Segment Start: Supplied information

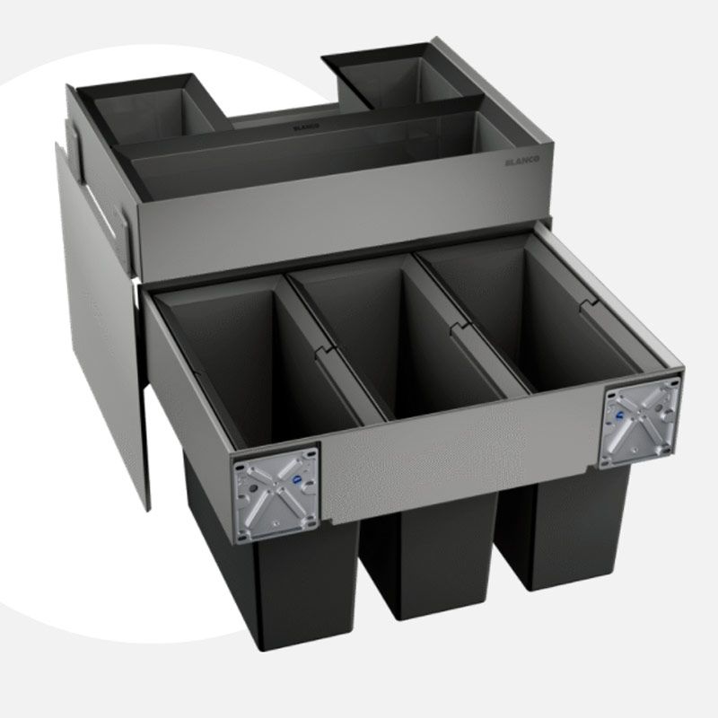 Thùng rác Blanco Select 60/3 Orga 518726 — giải pháp phân loại rác tinh tế với 3 ngăn 15 lít, thiết kế âm tủ hiện đại, ray trượt giảm chấn, khung thép và thùng nhựa cao cấp, mang lại sự gọn gàng, sang trọng và tiện ích cho không gian bếp của bạn.
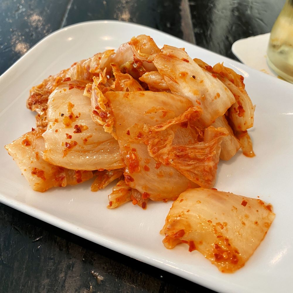 Beim weiteren Streifzug durch das inoffizielle Little Tokyo rund um die Immermannstraße entdeckte ich schließlich das bereits geöffnete Nudellokal Naniwa. Allerdings waren gegenwärtig alle Tische belegt und ich musste noch einen Moment vor der Tür warten. Ich bekam dabei schon mal eine Speisekarte in die Hand gedrückt und beim Eintritt ins Naniwa konnte ich sogleich meine Order platzieren. Danach wurde ich zum frei gewordenen Tisch geleitet und kurz darauf standen meine Vorspeise Kimchi (4,70 €) und ein Ginger Ale (2,50 €) vor mir. Der fermentierte Kohl mit pikanter Chilinote ist zwar eigentlich das Nationalgericht der Koreaner, aber die Japaner lieben Kimchi ebenso.
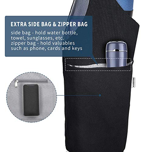 【Extra Side Bag & Zipper Bag】There is an extra side bag for the yoga mat tote where you can hold water bottle, towel, sunglasses, etc. There is a also zipper bag inside for valuables such as phone, cards and keys.30-day money-back guarantee for any reason, 12-month warranty for quality-related issues. We strive to provide each customer with the highest standard of customer service.
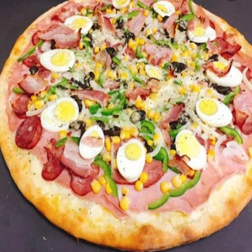 Pizza grande.Massa fina.Bem assada. 1/2 Frango com Catupiry 1/2 Portuguesa (Presunto,Ovos, Ervilha, Palmito, Cebola e Mu... Ver completo
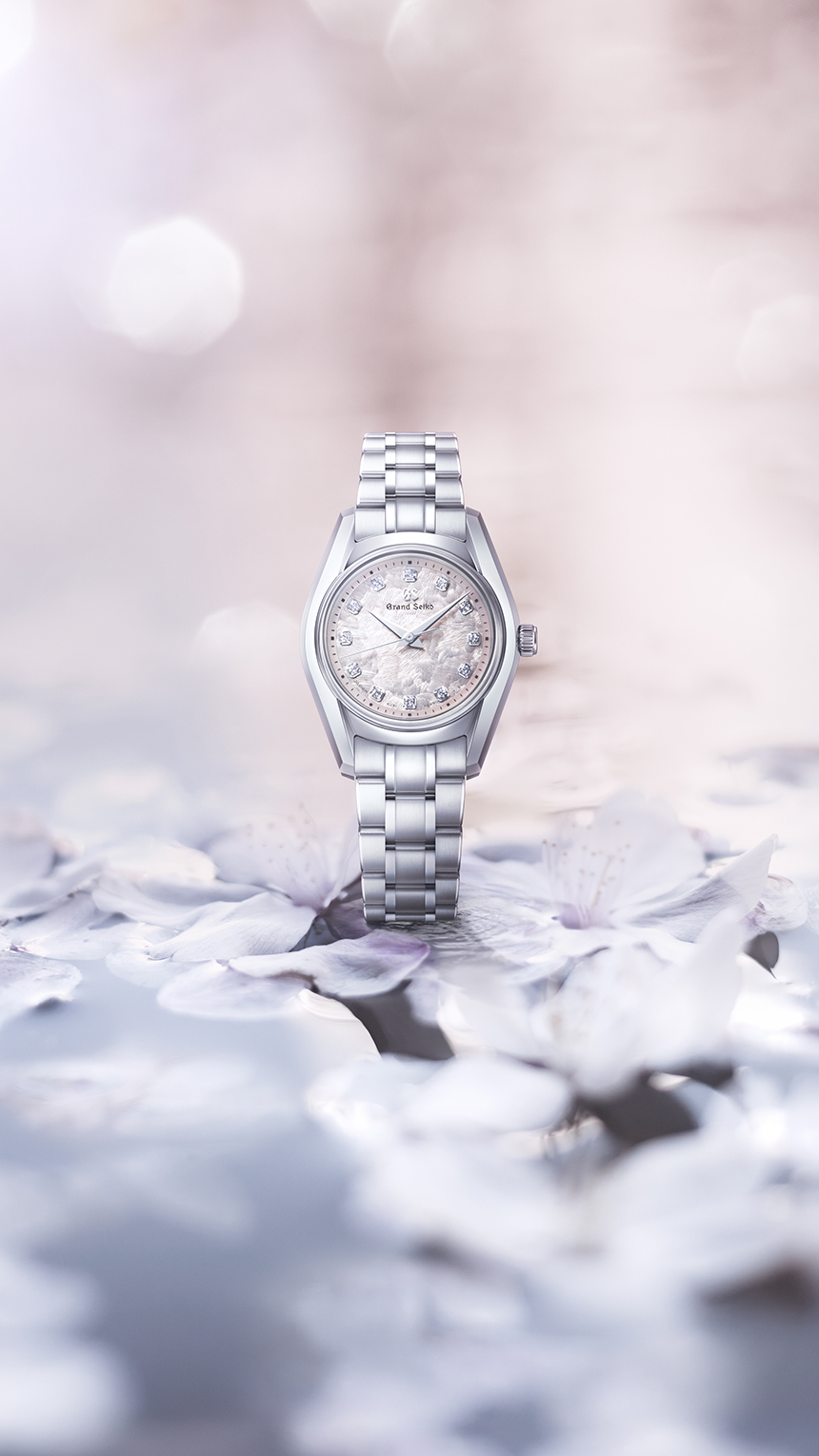 「62GS」の中でも高い支持を得ている「花筏(はないかだ)」に、26mmスモールサイズのクオーツモデルが加わりました。1967年発売のグランドセイコー史上初の自動巻機械式モデル「62GS」を現代的にアレンジした「62GS現代デザインモデル」をベースとし、日本特有の季節の移ろいをダイヤルで表現したモデルです。ベゼル(ガラス縁)のない構造によって広々と見えるダイヤルや、ザラツ研磨によって実現したシャープな多面体からなるケースが魅力です。ダイヤルは、風に舞い散った桜の花びらが川の水面を覆う「花筏」の情景を表現しています。ケースデザインは、小さいながらも高い視認性を確保。シンメトリーに配したダイヤモンドが生み出す、華やかで心地よいダイヤルに仕上げました。ムーブメントは、年差±10秒のクオーツ「キャリバー4J51」を採用しています。
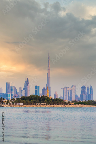 Obraz premium Dubai skyline lakeview during cloudy sunset
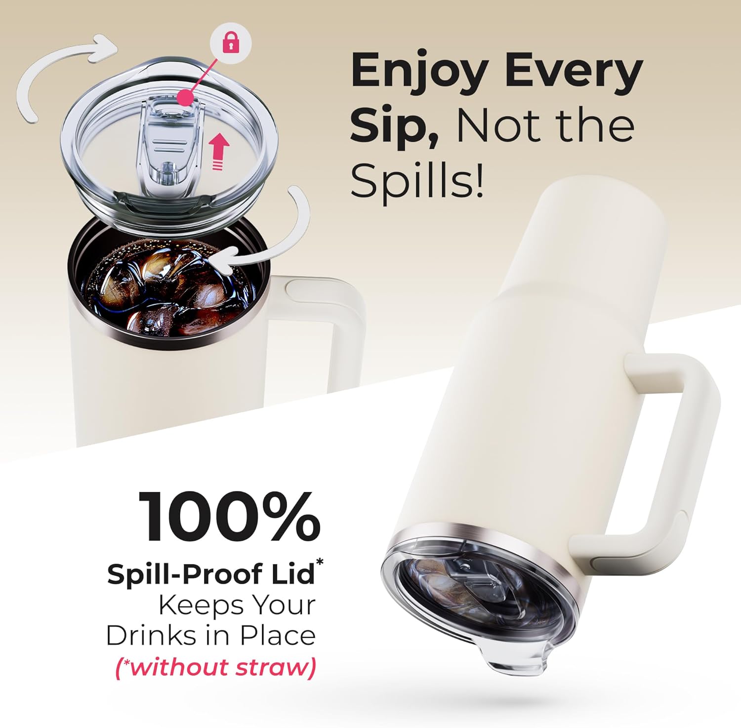 - Dishwasher Safe and Easy to Clean: Designed for convenience, this leak proof tumbler is dishwasher safe. The stainless steel construction ensures long-lasting durability, while the large handle adds to its functionality. Compatible with most cup holders, it's perfect for use at home, in the office, or on the go.
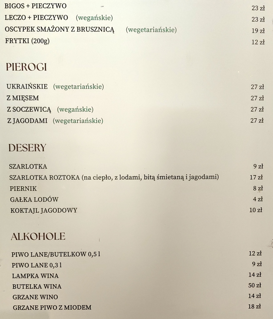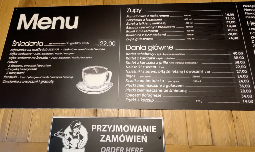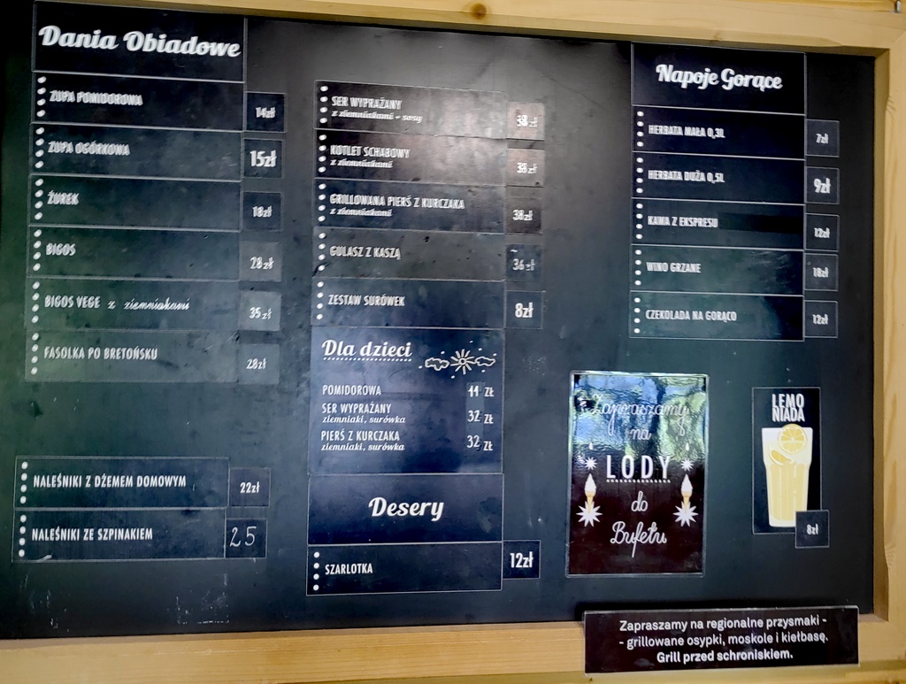 Ceny ? Myślę że takie właśnie naleśniki za 24 pln mogą rywalizować z goframi na molo w Międzyzdrojach czy choćby na zakopiańskich Krupówkach. Za to klimat i lokalizacja bez porównania. Inne pozycje ze schroniskowego menu: schabowy z ziemniakami i surówkami – 39 pln, placki ziemniaczane ze śmietaną 14 pln, bigos z pieczywem 23 pln, zupy (wybór) po 17-19 pln.

Segment End: Supplied information

What the task asks: Leave out the pictures. Transcribe only the lines above, from the first through the one that contains "Obraz premium Dubai".

Written answer:
 Thùng rác Blanco Select 60/3 Orga 518726 — giải pháp phân loại rác tinh tế với 3 ngăn 15 lít, thiết kế âm tủ hiện đại, ray trượt giảm chấn, khung thép và thùng nhựa cao cấp, mang lại sự gọn gàng, sang trọng và tiện ích cho không gian bếp của bạn.
 Beim weiteren Streifzug durch das inoffizielle Little Tokyo rund um die Immermannstraße entdeckte ich schließlich das bereits geöffnete Nudellokal Naniwa. Allerdings waren gegenwärtig alle Tische belegt und ich musste noch einen Moment vor der Tür warten. Ich bekam dabei schon mal eine Speisekarte in die Hand gedrückt und beim Eintritt ins Naniwa konnte ich sogleich meine Order platzieren. Danach wurde ich zum frei gewordenen Tisch geleitet und kurz darauf standen meine Vorspeise Kimchi (4,70 €) und ein Ginger Ale (2,50 €) vor mir. Der fermentierte Kohl mit pikanter Chilinote ist zwar eigentlich das Nationalgericht der Koreaner, aber die Japaner lieben Kimchi ebenso.
 【Extra Side Bag & Zipper Bag】There is an extra side bag for the yoga mat tote where you can hold water bottle, towel, sunglasses, etc. There is a also zipper bag inside for valuables such as phone, cards and keys.30-day money-back guarantee for any reason, 12-month warranty for quality-related issues. We strive to provide each customer with the highest standard of customer service.
 Pizza grande.Massa fina.Bem assada. 1/2 Frango com Catupiry 1/2 Portuguesa (Presunto,Ovos, Ervilha, Palmito, Cebola e Mu... Ver completo
 「62GS」の中でも高い支持を得ている「花筏(はないかだ)」に、26mmスモールサイズのクオーツモデルが加わりました。1967年発売のグランドセイコー史上初の自動巻機械式モデル「62GS」を現代的にアレンジした「62GS現代デザインモデル」をベースとし、日本特有の季節の移ろいをダイヤルで表現したモデルです。ベゼル(ガラス縁)のない構造によって広々と見えるダイヤルや、ザラツ研磨によって実現したシャープな多面体からなるケースが魅力です。ダイヤルは、風に舞い散った桜の花びらが川の水面を覆う「花筏」の情景を表現しています。ケースデザインは、小さいながらも高い視認性を確保。シンメトリーに配したダイヤモンドが生み出す、華やかで心地よいダイヤルに仕上げました。ムーブメントは、年差±10秒のクオーツ「キャリバー4J51」を採用しています。
 Obraz premium Dubai skyline lakeview during cloudy sunset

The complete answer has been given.